一輛黑色的瑪莎拉蒂停在唐人街外,夏綠蒂拉開車門坐了進去,兩名保鏢則是登上了后面跟著的商務車,高廷根家的大小姐親自來唐人街買東西,還保持著如此“低調”的排場,實在是有些不可思議。
瑪莎拉蒂最后停在了紐約郊外的莊園里,能來到這里的人都是高廷根家培養出來的,包括園丁和保潔在內都身懷絕技,文能聽說至少三國語武能扛著沖鋒槍和陸戰隊打巷戰,連近身格斗也是對標著頂級雇傭兵去的。最重要的是忠誠,不絕對忠誠的人走不進這片莊園里來。
夏綠蒂把東西往主別墅里放好,坐著室內電梯去了三樓,這里最大的房間外守著西裝革履的老人,他站得筆直,銀白色的頭發向后梳得一絲不茍。老人看到夏綠蒂后微微點頭,露出了對晚輩的溫和笑意。
“我回來了,溫斯頓先生。”夏綠蒂很有禮貌地提起裙擺行了個禮,“她還在里面嗎?”
“在的,剛才和遠在中國的蘇先生通了電話互相問候,現在應該在看文件。”名為溫斯頓的老管家說,他在高廷根家的地位其實很高,因為他是“夏綠蒂”的心腹,而且本身論血統他就是高廷根家的主系之一。
夏綠蒂點點頭,她敲了敲門,里面傳來了一道和她幾乎一模一樣的女聲:“進來。”
她聞推開紅木的房門,門正對著寬敞的落地窗,陽光被白色的紗簾擋在了外面。房間的右側是一張鋪著天藍色鵝絨床單的大床,看上去透著奢華的氣息,床邊是一張楠木的書桌,旁邊還有一人多高的落地鏡,書桌前坐著淡金色頭發的女孩,她穿著白色的睡衣,對著筆記本電腦翻看著一些表格。
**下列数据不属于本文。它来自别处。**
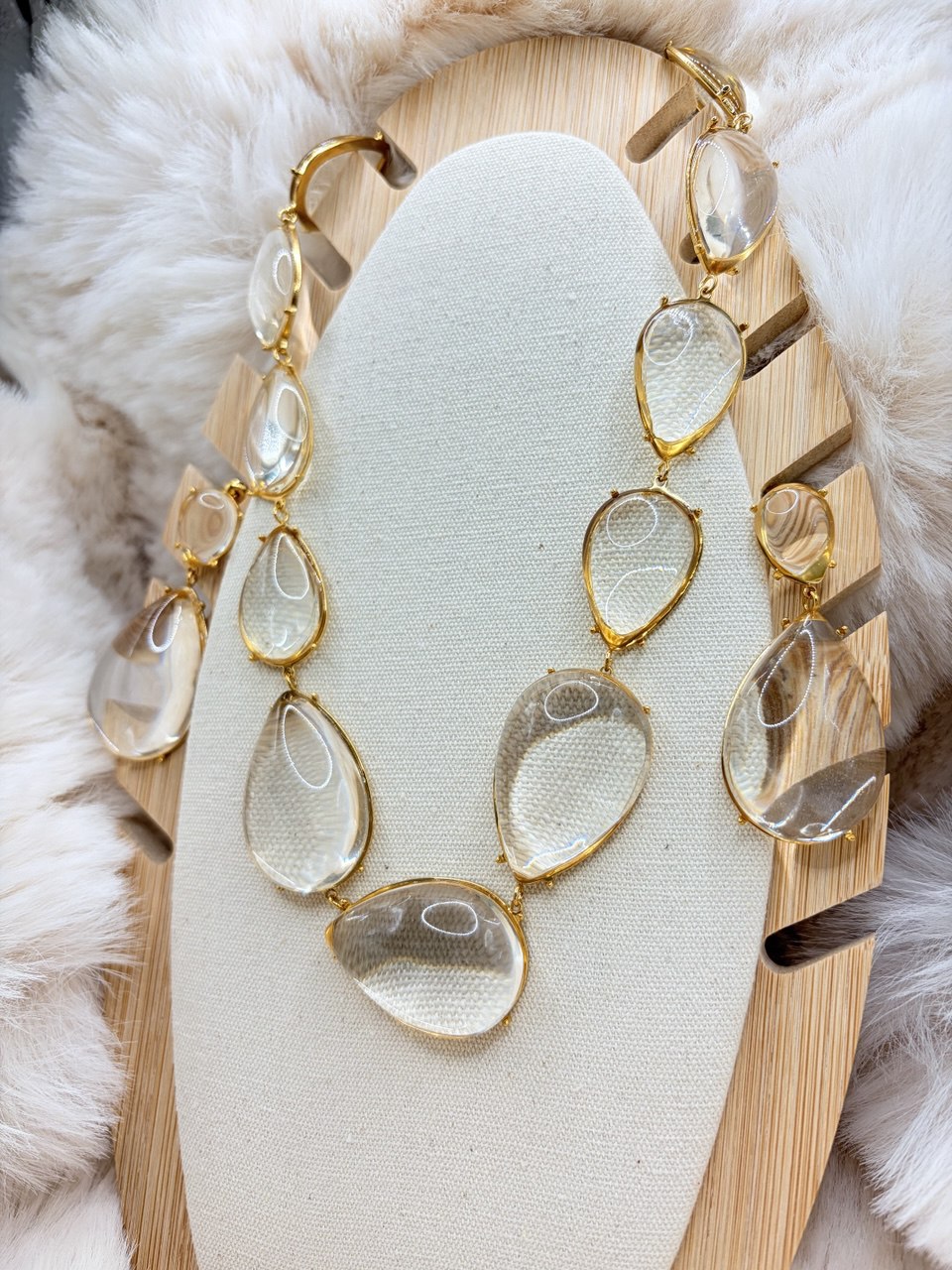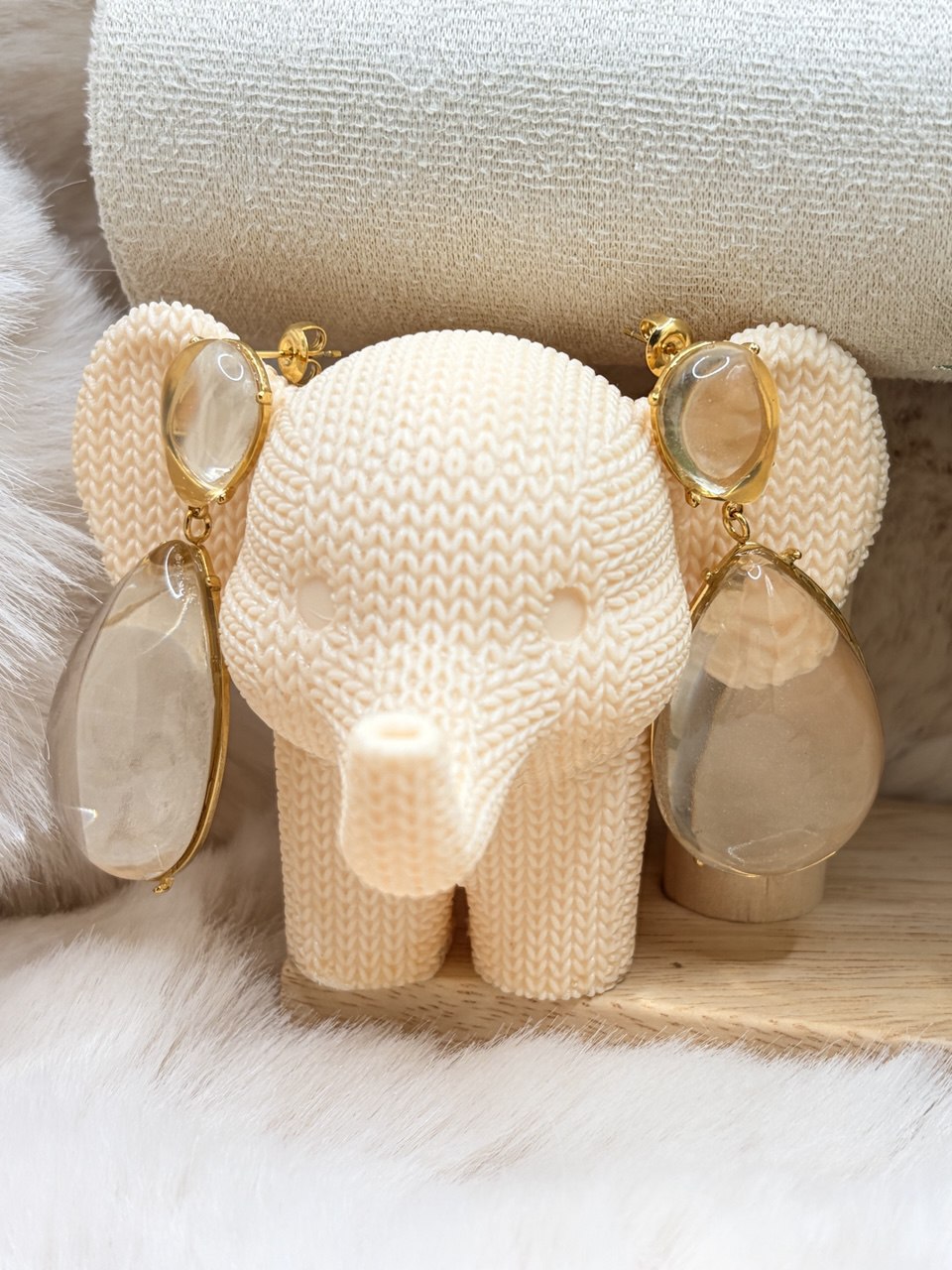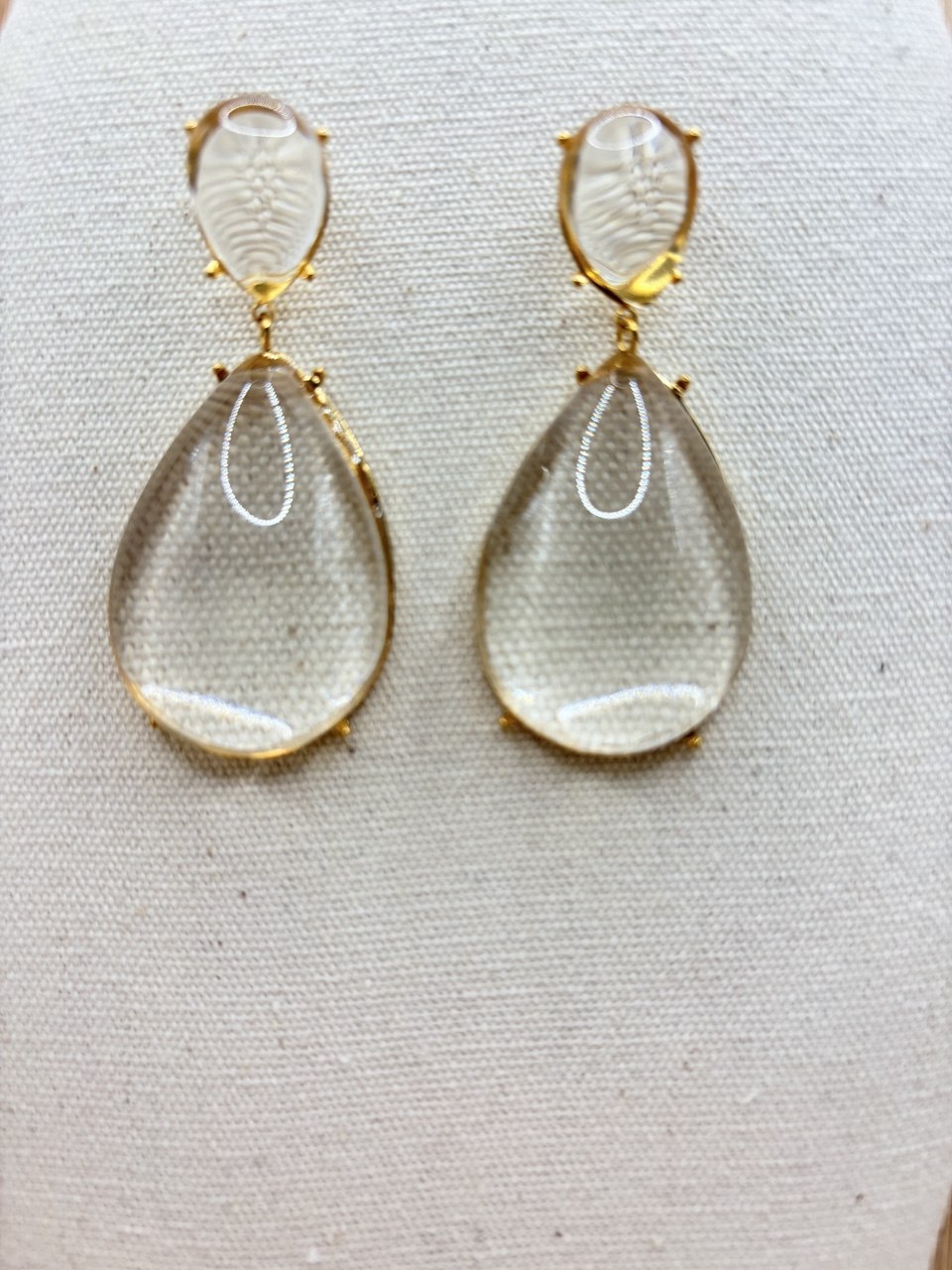 Con forma de lágrima, cada pendiente presenta una piedra translúcida de resina facetada.

“你回來了?”書桌前的女孩轉過頭來,話語間帶著些許寵溺,“買到想要的東西了嗎?沒有的話我讓人從中國給你運過來。”
“買到了。”夏綠蒂小跑兩步到書桌前,“你在看什么?”
“中國那邊和家族有關的企業的年終報表,入鄉隨俗,那里的報表提交時間是按照中國的新年來的。”睡衣女孩伸手捏了捏夏綠蒂的臉頰,“我只需要大致過目一遍,剩下的交給手底下的核算師就行了。”
“嗷。”夏綠蒂很可愛地回應了一聲,“你還是挺辛苦的。”
“好在有溫斯頓和你能幫我分擔一點,不然我可真沒有把握能做成像麗莎姐姐那個樣子。”睡衣女孩笑著說。
一旁的落地鏡倒映著兩個親昵的女孩,和她們像是復制黏貼出來的兩張臉,甚至連脖子上的金色吊墜都完全一樣。
她們在外面的時候,用的名字都是夏綠蒂,兩人的性格其實存在著微妙的差別,只是外人很難分辨的出來。
“等會我給你做一頓飯,我可擅長中華料理了,雖然我已經忘了是在哪里學的。真不知道要什么時候才能完全想起來以前的事情。”剛剛從唐人街歸來的夏綠蒂說。
“好啊,那姐姐我就等著了。”睡衣的夏綠蒂輕輕摸了摸對方的頭發,“至于過去的事,想不起來就等以后慢慢想吧,反正你在我這里,沒人能傷害到你的。”
“嗯!”
(2)
女孩把餃子倒進咕嘟咕嘟的沸水里,老舊的鑲在墻里的換氣扇雜亂地轉動著,把熱氣抽出去,換氣扇周圍被擦干凈了,但內部卻是已經清理不干凈的油污。
今天,是大年夜,外面不時傳來煙花的聲音,而這間小小的房子里,依然只有女孩和男孩,他們彼此構成了互相的全世界。
等到餃子都浮上來以后,女孩用漏勺慢慢把餃子舀到盤子里,過年總是要吃餃子的。這些餃子是女孩這兩天親手包的,那個時候男孩也在幫忙,可他的手藝實在是太次了一些,所以女孩最后還是讓他去幫忙準備其他的食材了。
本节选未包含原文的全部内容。